Fix CJK emphasis delimiter detection in scanDelims by awoni · Pull Request #387 · executablebooks/markdown-it-py

awoni · 2026-04-06T06:55:55Z

Summary

Fix emphasis delimiter detection for mixed CJK/ASCII text.

In CommonMark's scanDelims, when an emphasis closing marker ** is preceded by ASCII punctuation (e.g. %) and followed by a CJK character, right_flanking evaluates to False — causing bold to silently fail.

Example: 湾岸の**46%**を renders as plain text instead of <strong>46%</strong>.

Root Cause

CJK characters (e.g. を, の, は) are not classified as whitespace or punctuation by the spec. When lastChar='%' (punctuation) and nextChar='を' (neither whitespace nor punctuation):

right_flanking = not (isLastPunctChar and not (isNextWhiteSpace or isNextPunctChar))

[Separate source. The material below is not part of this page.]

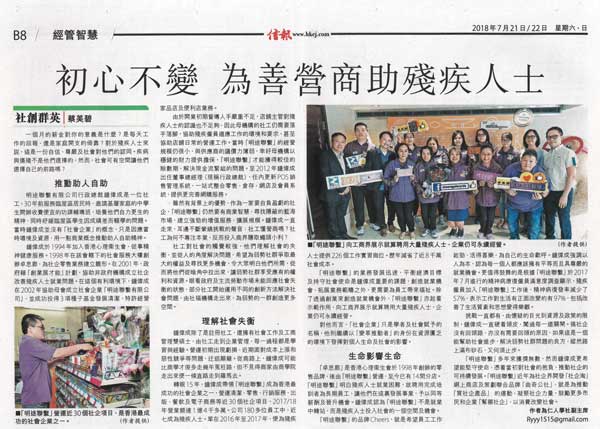 「信報」理財投資版中的社創群英專欄報導了「明途聯繫」行政總裁鍾偉成先生創辦公司的背景和經歷,並且展示「明途聯繫」透過發展不同的社企項目,延續為殘疾人士創造就業機會的初心。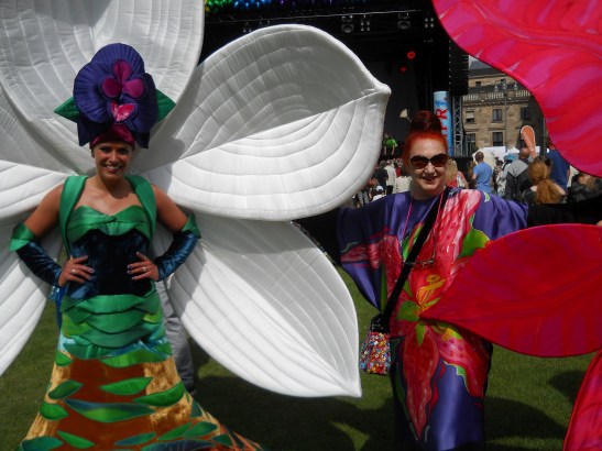 Anna Möntmann (Foto r.) ist Kostümkünstlerin. Spezialität: Costume Perfomance Art. Sie wurde in den 80er Jahren mit ihren Walking-Acts von Hans-Peter Wodarz zum Theatrium geholt. Bis zum Jahr 2007 war sie mit ihren phantasievollen Kostümen fester Bestandteil des Theatriums – dann kam die Krankheit, sie hat sie besiegt. Jetzt haben Kurhaus-Chef Martin Michel und Event-Experte Holger Helmiss Anna zum Jubiläum wieder in ihr Theatrium geholt. Auf dem Foto oben neben Anna Möntmann: Model Franziska im Kostüm mit Lilie, welches eigens für das Fest entworfen wurde.

evaluates to False, so the closing ** is rejected.

Fix

Treat characters above U+2E7F as punctuation for flanking delimiter checks (6 lines added to scanDelims in state_inline.py). This covers CJK Unified Ideographs, Hiragana, Katakana, Hangul, and other East Asian scripts.

Test Cases

from markdown_it import MarkdownIt
md = MarkdownIt("commonmark")

assert "<strong>" in md.render("湾岸の**46%**を供給")
assert "<strong>" in md.render("の**20〜25%**が通過する")
assert "<strong>" in md.render("日本語の**太字**テスト")
assert "<strong>" in md.render("**全部太字**")
assert "<strong>" in md.render("English **bold** test")

All pass. Existing English-only behavior is unchanged.

Note

The same bug likely exists in the JavaScript version of markdown-it.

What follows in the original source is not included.